In the supporting structure, a spacing between deck supporting elements can be varied in accordance with the variation of the deck dimension in use. Again, this variation may be enacted prior to mounting of the platform to the construction or in situ. hi one embodiment the deck supporting elements can each be defined by a respective beam that is fixable to the given working level of the construction by a remainder of the supporting structure.

The deck may be of a fixed or moveable configuration to be fixed or to move with respect to the deck supporting elements. Thus, the platform may have a moving (eg. rolling) configuration or a fixed configuration. Also, in use, the deck supporting elements can be positionable with respect to the given working level of the construction such that at least part of the deck can protrude beyond a perimeter of the given level.

A usual (though not exclusive) construction in which the platform is employed is a multi-storey building.

Brief Description of the Drawings

Notwithstanding any other forms which may fall within the scope of the work platform as defined in the Summary, specific embodiments of the platform will now be described, by way of example only, with reference to the accompanying drawings in which:

Figure 1 shows a schematic perspective view of part of a first platform embodiment;

Figure 2 shows a schematic perspective detail of the platform embodiment of Figure 1; Figure 3 shows a schematic plan view of the first platform embodiment of

Figure 1 with a deck insert removed;

Figures 4A and 4 B respectively show schematic end and end detail views of a second platform embodiment;

Figures 5 A - 5D respectively show four different end sectional views of a third platform embodiment, with Figures 5E and 5F showing side and end views, Figures 5 G and 5H showing deck detail views, and Figure 51 showing an enlarged view of Figure 5H;

Figures 6A — 6C respectively show side, end and plan views of a landing deck of the third platform embodiment of Figure 5;

Figures IA- 1C respectively show end sectional, side and plan views of a deck supporting beam construction of the third platform embodiment of Figure 5; Figure 8 shows a front view of a landing deck gate for an end of the landing deck of the third platform embodiment of Figures 5 and 6;

Figure 9 shows a schematic end view of a loading deck for a fourth platform embodiment;

Figures 10 and 11 show schematic plan views of the loading deck of Figure 9; Figure 12 shows a detail view of the loading deck of Figure 9; and

Figure 13 shows a schematic plan view of various other platform embodiment configurations.
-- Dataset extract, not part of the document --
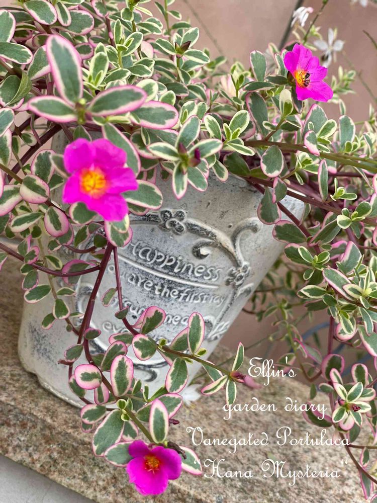 今日のpicは、斑入りポーチュラカ“華ミステリア“。午後になると花がつぼんでしまうので、なかなか綺麗に咲いているところが撮れず…。やっと今日撮れました😄
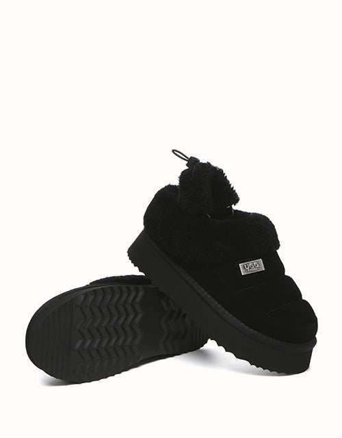 Say hello to the adorable and ultra-comfy EVERAU Paige Slingback Platform Slippers — the perfect new staple for your wardrobe. Featuring a stylish bungee drawstring at the back, these slippers allow you to adjust the fit to your liking while adding a fashionable detail. Available in classic chestnut, black, and sand, they effortlessly complement a wide range of outfits. The raised platform sole gives you a gentle boost and adds a chic touch to any look, whether you're relaxing at home, out for errands, or grabbing a coffee with friends.

Detailed Description of Specific Embodiments Referring firstly to Figures 1 to 3, a first work platform 10 is shown. The platform 10 comprises a loading deck 12 which may be either fixed or moveable with respect to a supporting structure of the platform.

The supporting structure comprises opposing parallel main support beams 14 (eg. elongate I-beams can be employed) which are mounted to a construction via a mounting framework (not shown in Figure 1 but described hereafter). Typically the supporting structure is mounted within an opening at a given working level of a multistorey building.

The platform 10 also comprises side panels 16, with each panel in this embodiment extending up from and being mounted to a respective support beam 14, to provide for safe and secure loading and unloading of goods and materials onto and from the platform. As described below, front gates may be employed at an outer end of the platform.

It will be seen in Figure 1 that the loading deck 12 comprises main deck outer portions 18 and a deck insert portion 20. Typically (though not exclusively) the deck outer portions 18 form a permanent part of the deck, whereas the employment of the deck insert portion 20 is a selected option.

Prior to using the platform 10, or even when in situ, to widen the platform, the support beams (and the supporting structure) are moved apart. Where the deck is

already mounted to the supporting structure, the outer portions 18 may also need to be first separated. In this regard, and referring to Figures 2 and 3, the previously joined outer portions 18 can be separated by undoing and removing the securing bolts 22 and nuts 23. When widening the platform, the outer portions 18 are sufficiently spaced so that at least one deck insert portion 20 can be positioned therebetween,. Thereafter, the insert portion 20 is bolted along its respective sides to the outer portions 18, to then define a wider loading deck configuration, and thus a wider platform.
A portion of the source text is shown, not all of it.